GeneOverlapAnnotator documentation

GeneOverlapAnnotator

Annotator used to detect and report overlaps between structural variations and annotated genes.

Category: Variant Annotators

The GeneOverlap annotator is invoked through the SVAnnotator framework, which defines arguments common to all annotators.

Introduction

The GeneOverlap annotator reports on the genes and transcripts that overlap a structural variation and the significance of the overlap (currently coding vs. exonic vs. intronic).

Input Formats

The -geneTrackFile must be specified in GTF format and certain restrictions on content and sort order must be followed. See the SortGTFFile utility program for details.

This annotator is new and so not all GTF files may work correctly. The GENCODE v17 GTF file works after running it through SortGTFFile.

The -geneDescriptionFile is a tab delimited file with two columns: GENENAME and DESCRIPTION. The GENENAME column must match the gene names in the geneTrack GTF file.

Output Formats

This annotator can produce the following outputs: report file.

The report file contains one or more lines per input site. If the input site overlaps one or more genes, one line is produced for each overlapping gene.

The report file contains the following columns:

ID
The variant ID from the input file.
CHROM
The chromosome of the variant.
START
The start coordinate of the variant on the reference.
END
The end coordinate of the variant on the reference.
NOVERLAP
The number of overlapping genes.
GENENAME
The name of one overlapping gene.
TRANSCRIPT
The transcript ID of the associated transcript or NA.
GENEOVERLAP
The kind of overlap, currently GENE, CDS, EXON, INTRON, OTHER (or NA for no genic overlap).
TXOVERLAP
The kind of transcript overlap, currently TX-ALL, TX-ALL-CDS, TX-EXON-FRAMESHIFT, TX-EXON-INFRAME, TX-TRUNCATED-3P, TX-TRUNCATED-5P, TX-CDS (or NA for no overlap).
DESCRIPTION
A description of the gene, taken from the gene description file if supplied.

Example

 java -Xmx4g -cp SVToolkit.jar \
     org.broadinstitute.sv.main.SVAnnotator \
     -A GeneOverlap \
     -R human_g1k_v37.fasta \
     -vcf input.vcf \
     -geneTrackFile gencode.v17.annotation.sorted.gtf \
     -geneTypeFilter protein_coding \
     -geneDescriptionFile ucsc_gene_descriptions.dat \
     -writeReport true \
     -reportDirectory reportdir
 


GeneOverlapAnnotator specific arguments

Name Type Default value Summary
Optional Parameters
-geneDescriptionFile File NA Tab-delimited two column file mapping gene names to text gene descriptions
-geneTrackFile File NA File of gene models for gene overlap analysis (GTF format)
-geneTypeFilter List[String] NA Set of gene types to consider when analyzing gene overlap
-sequenceTranslationMapFile File NA Mapping file from sequence name aliases used in annotation files to reference sequence names (e.g. "chr1" to "1")

Argument details

--geneDescriptionFile / -geneDescriptionFile ( File )

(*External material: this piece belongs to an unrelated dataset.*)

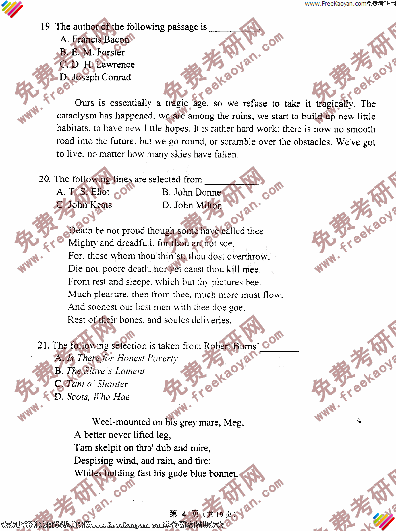 大连外国语大学2004年半岛在线注册真题-英美文学(4)

Tab-delimited two column file mapping gene names to text gene descriptions.

--geneTrackFile / -geneTrackFile ( File )

File of gene models for gene overlap analysis (GTF format).

--geneTypeFilter / -geneTypeFilter ( List[String] )

Set of gene types to consider when analyzing gene overlap.

--sequenceTranslationMapFile / -sequenceTranslationMapFile ( File )

Mapping file from sequence name aliases used in annotation files to reference sequence names (e.g. "chr1" to "1").